I have a lot of friends who are in your situation. which is the same as ours, except the family language is flipped to B, so that it matches the country/school's language, and honestly - most of them (at this age range) are struggling, because it unbalances the situation, and isolates the second language to one single parent/circumstance. The two dominant parts of their life, school nursery/kindergarten, and their family, are all the same language... of course that will become the dominant language.

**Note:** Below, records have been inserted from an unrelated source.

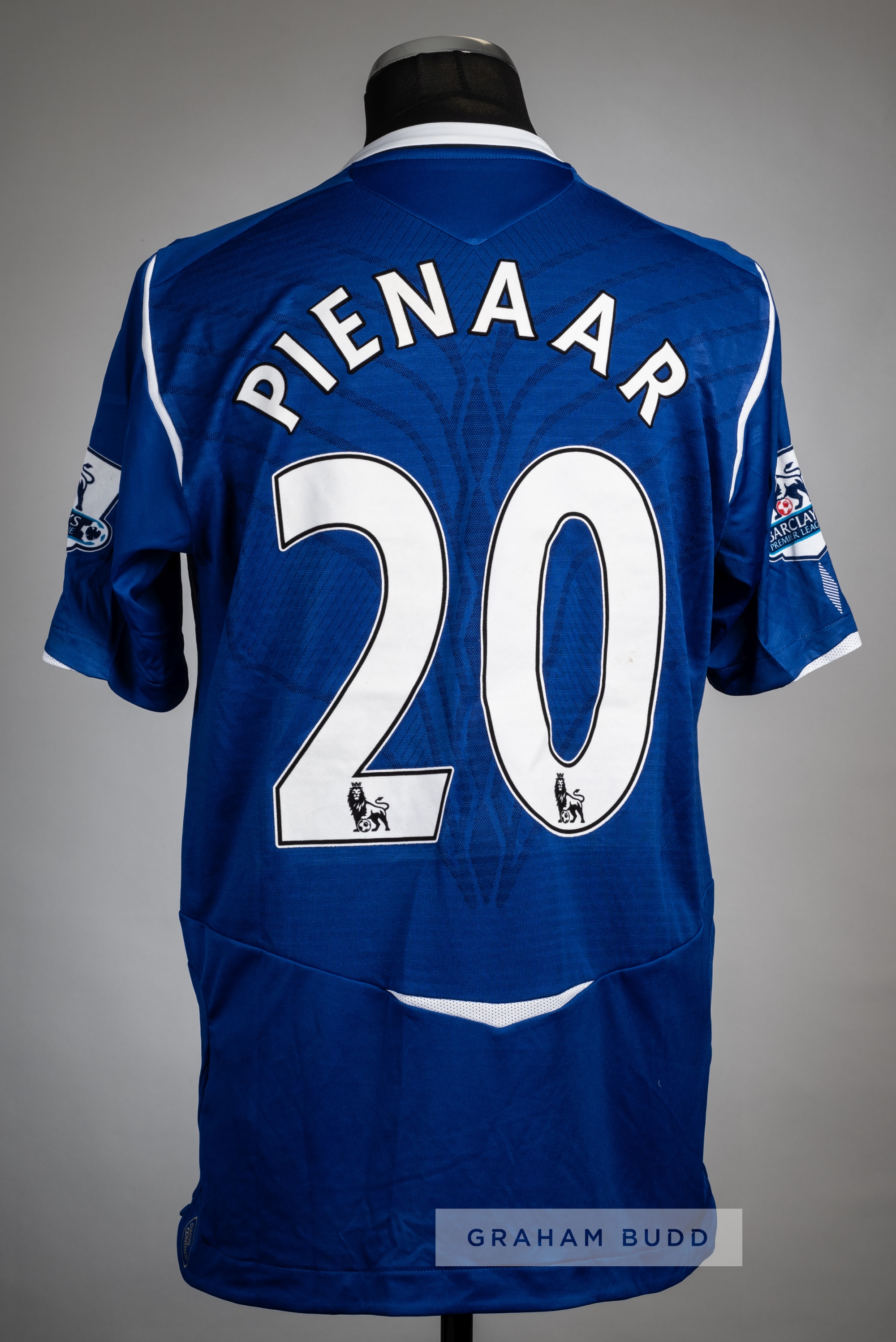 Steven Pienaar blue Everton no.20 home jersey v Arsenal at Emirates Stadium, 118th October 2008, Umbro, short-sleeved with BARCLAYS PREMIER LEAGUE sleeve badges, embroidered club crest and Umbro logo, sponsor logo, reverse lettered PIENAAR Arsenal defeated Everton 3-1. Steven Pienaar played with Everton during 2008-11, making 76 appearances scoring seven goals, having been on loan previously from Borussia Dortmund 2007-08, making 28 appearances scoring two goals.
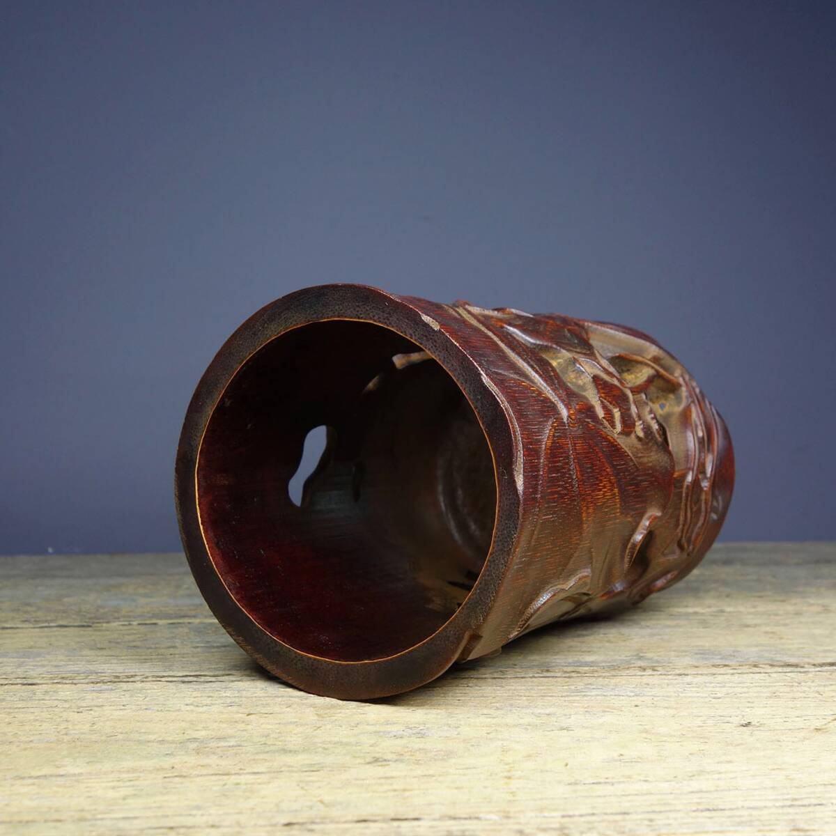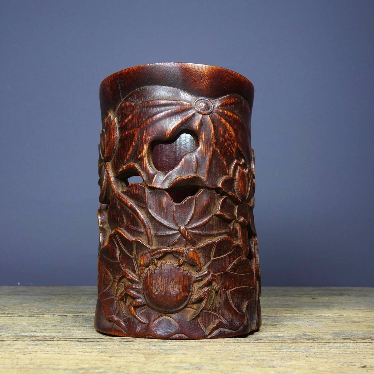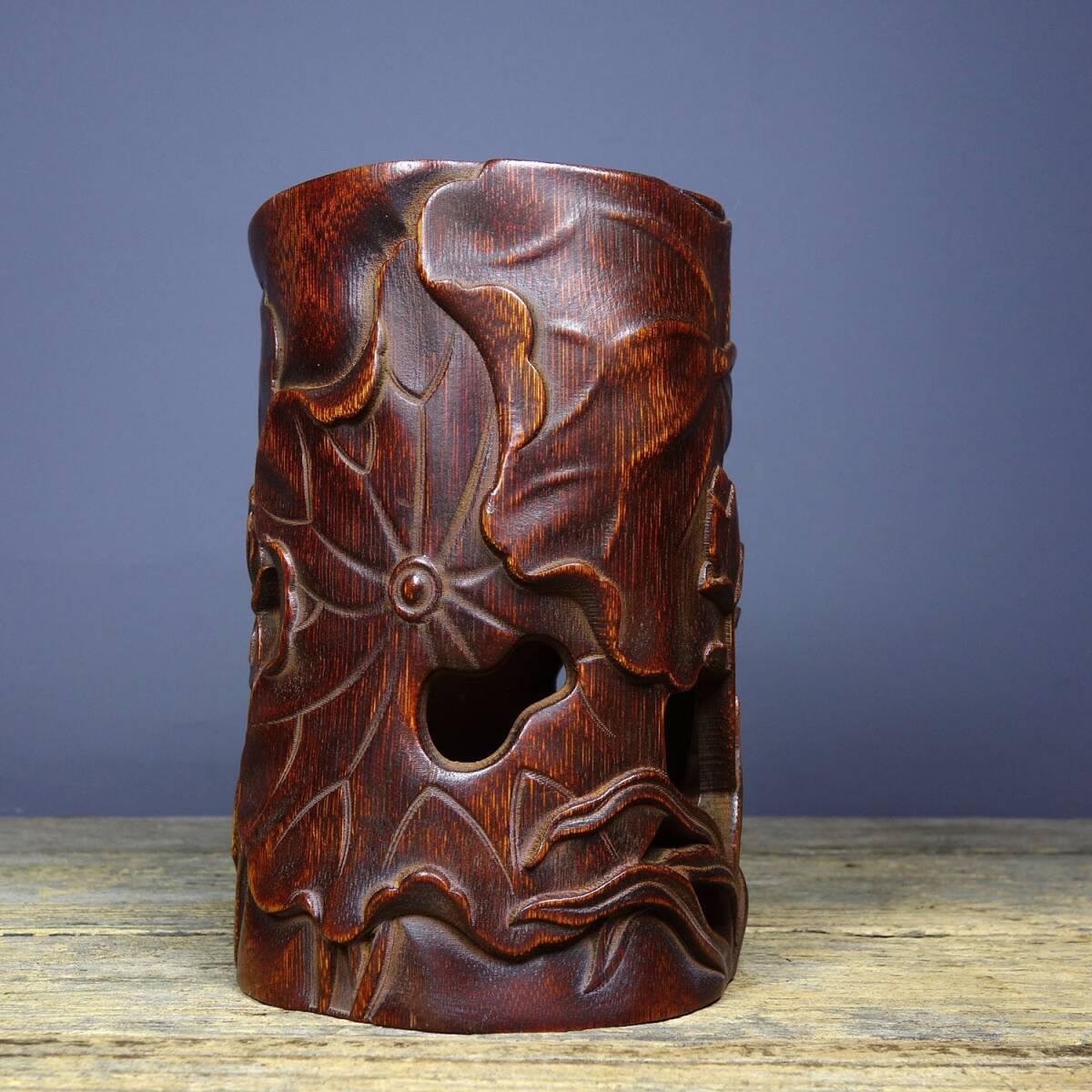 | 【蔵友館蔵品・竹材細密彫・荷花紋・筆筒】・希少珍品・置物・賞物・中国時代美術 |
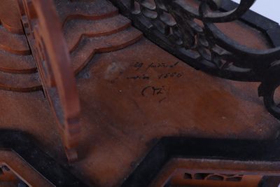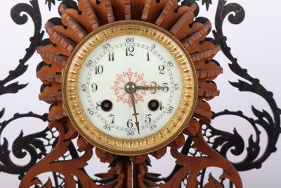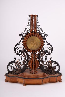 Pendule en bois découpé et os. Début du XXe siècle.
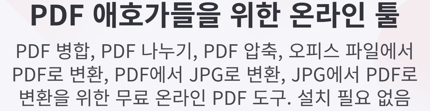 아이러브 PDF는 온라인 기반이라 설치 없이 브라우저에서 바로 사용이 가능합니다. PDF 편집이나 변환 도구를 따로 설치할 필요 없이 즉시 파일을 업로드하고 원하는 작업을 수행할 수 있다는 점이 큰 장점입니다.
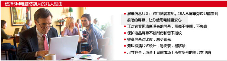 防窥保护: 屏幕仅供正对电脑者的浏览,可视区域60度 哑光表面 增加屏幕清晰对比度 易安装易移除 保护显示屏不被刮伤及损伤,闭合笔记本电脑也无需取下光学防窥片。
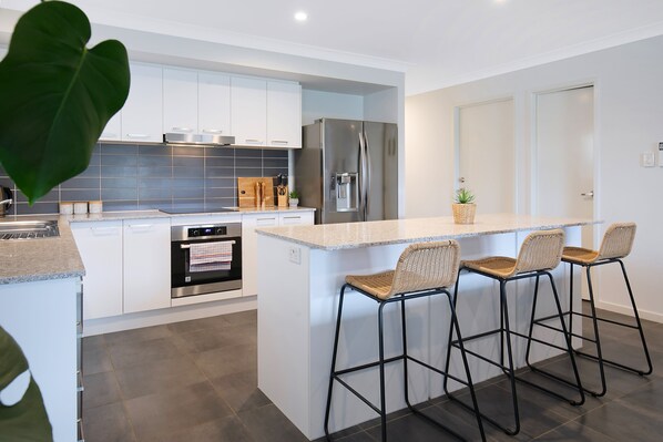 The kitchen centres around a spacious island with stool seating, making it easy to gather for quick breakfasts or casual conversation, while modern appliances and generous bench space support effortless cooking. Meals can be shared outdoors on the undercover patio, where a ceiling fan and comfortable dining create an easy setting for alfresco moments. Beyond, the private backyard offers an expansive lawn and outdoor seating—ideal for quiet downtime or giving the kids space to enjoy the sunny outdoors.
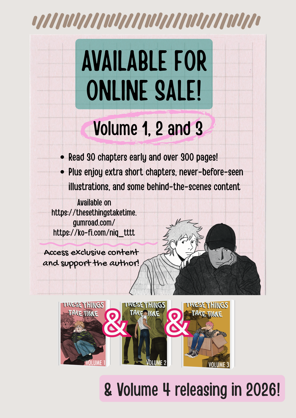- Your purchase of the digital copy of THESE THINGS TAKE TIME VOLUME 1 comes with two extra chapters, providing additional insights into the lives of your beloved characters.
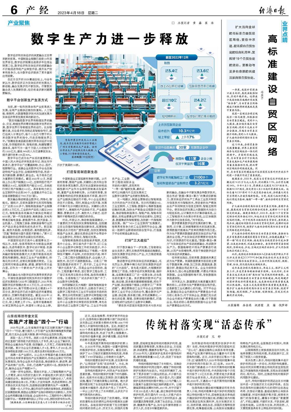数实融合推动制造业数字化、网络化、智能化。据统计,目前我国数字化车间和智能工厂达到2100多个,智能制造装备产业规模达到3.2万亿元,工业软件产品收入超过2400亿元,智能制造系统解决方案供应商超过6000家。“新一代信息通信、高铁装备、发电和特高压输电装备、新能源汽车、航天装备、工业机器人、工程施工装备、钢铁装备等行业技术产品达到全球领先或先进水平。航空装备、高技术船舶、生物医药、高档数控机床、‘四基’等领域与国外差距不断缩小。”第十三届全国政协经济委员会副主任苏波说。
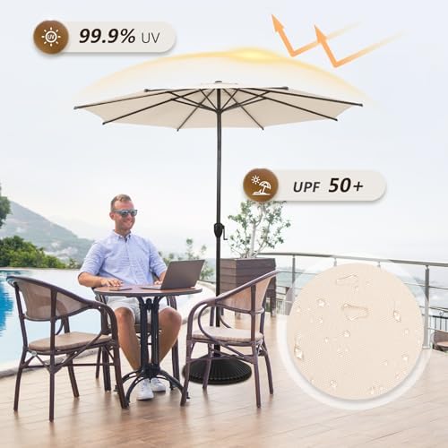 Abba Patio 9FT Lyon Outdoor Patio Umbrella Outdoor Table Umbrella with Push Button Tilt and Crank Market Umbrella 8 Sturdy Ribs UV Protection Waterproof for Garden Deck Backyard Pooll Beige
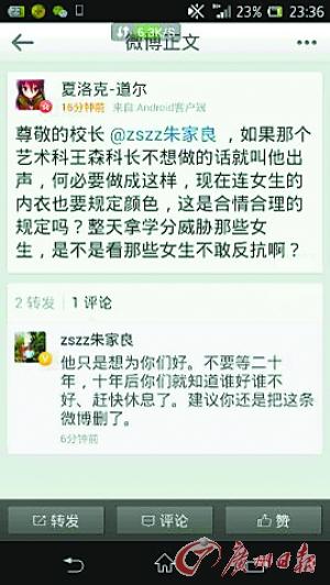 记者搜索发现,有学生于15日晚上在微博吐槽此事,并@了该学校的校长。随后,微博认证为中山市某学校校长朱家良的微博网友“ZSZZ朱家良”在微博上回复学生称:“他只是想为你们好。不要等二十年,十年后你们就知道谁好谁不好、赶快休息了。建议你还是把这条微博删了。”
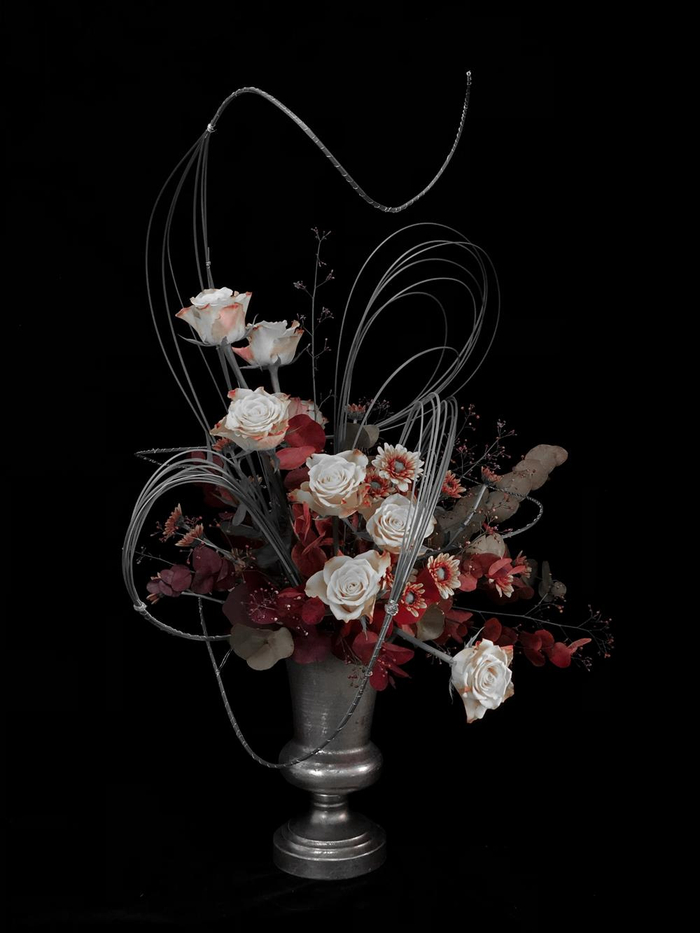 花艺的种子就此在心中种下。回国后的一次生日聚会上,蔡振君收到朋友送的一份花艺礼物,用的是白色帝王花,颇有男子气概。“原先我以为花只属于女生,没想到也可以霸气得这么好看。”
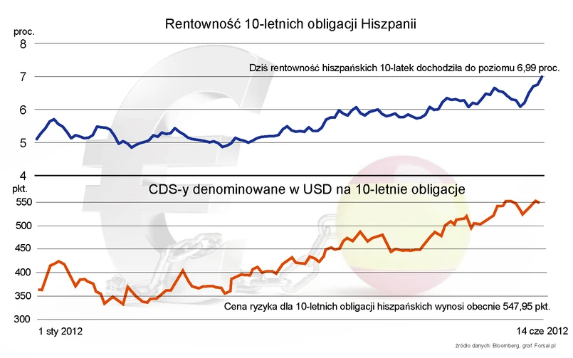 Z powodu obaw o stan hiszpańskiej gospodarki różnica w oprocentowaniu hiszpańskich 10-latek i niemieckich bundów o tym samym okresie zapadalności poszerzyła się do 542 pkt bazowych. Jeszcze rok temu różnica ta wynosiła 245 pkt bazowych. Spread między rentownością włoskich i niemieckich papierów sięga obecnie 478 pkt bazowych. Rok temu wynosił 175 pkt bazowych.
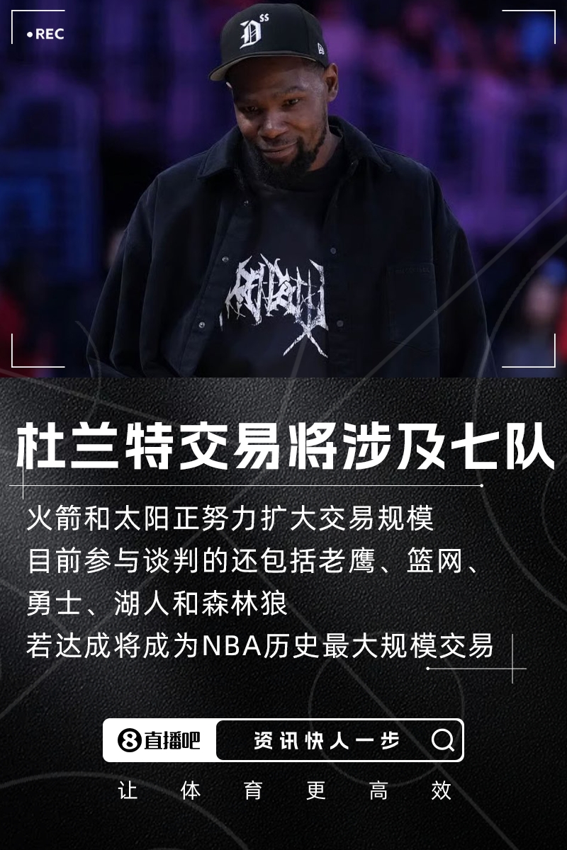 涉及鹰网勇湖狼🤯火箭&太阳正努力扩大杜兰特交易到创纪录的7队
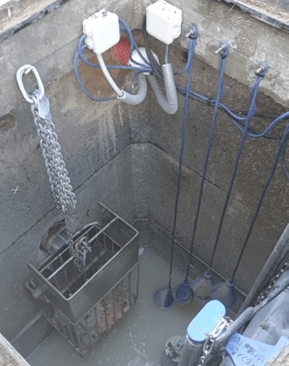 Remplacement d’une pompe, des barres de guidage en inox et les supports supérieurs ainsi que les clapets.
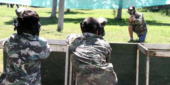 Lejos de los cuadernos, libros y lecciones, el mate fue lo elegido para empezar la mañana. Tirados en el pasto, o sentados en sillas y mesas, los chicos entraron en calor. Algunos jugaron al vóley y no faltaron los que se animaron a hacer picaditos de fútbol. Sin embargo, la estrella de la jornada fue las guerras de colores. Por eso, hubo largas filas de alumnos que esperaron su turno para vestirse con camperas camufladas, ponerse los cascos y disparar bolitas de pintura a sus compañeros de curso. Los que más se prendieron en esta actividad fueron los alumnos de los primeros años. Sin embargo, hubo algunos más grandes que también quisieron jugar.
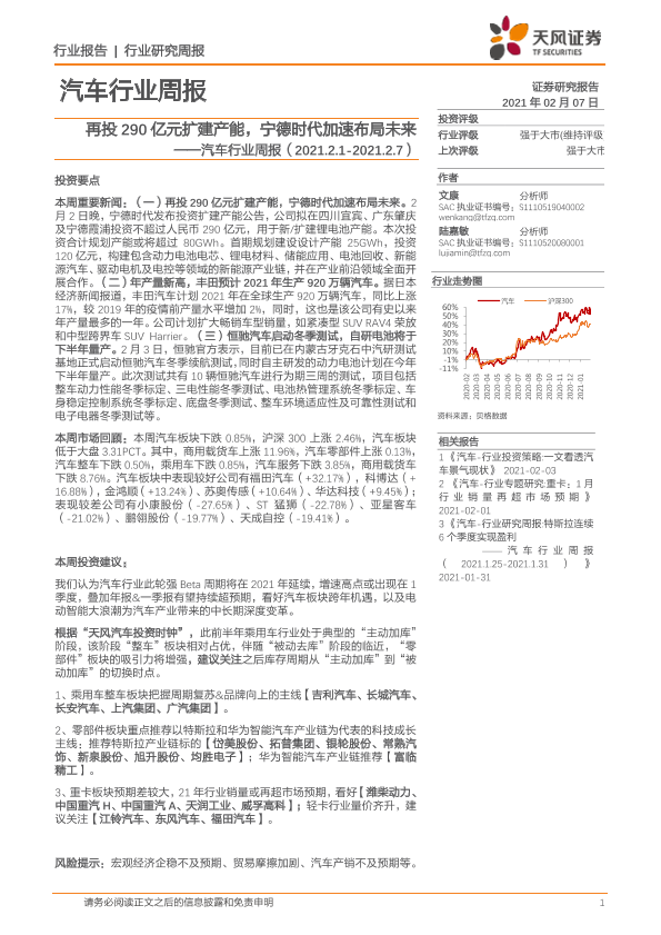 【天风证券】【20210207】再投290亿元扩建产能,宁德时代加速布局未来-13页

Given that this isn't possible for you, I would suggest that you just keep forcing it through the following approaches, until they are old enough to value the language:

1 - As much extended time with grandparents, without an English speaker to translate. This will force them to communicate in their second language.
2 - Make sure that when you visit your home country, they socialize with other children in environments that don't contain any English.
3 - Make sure you have plenty of alone time without your husband, and discourage answering in English (playfully)
4 - Teach him to read (maybe not yet) in your language, because research has shown that reading cements 2nd languages. If they just speak but never read, the chances of them loosing a 2nd language later in life are much much higher.

And the biggest:

5 - Get your husband to learn your language.
He doesn't have to become fluent... but the act of him learning it, is inspirational for your child, and means that you can have some small times when that language is used as your family language.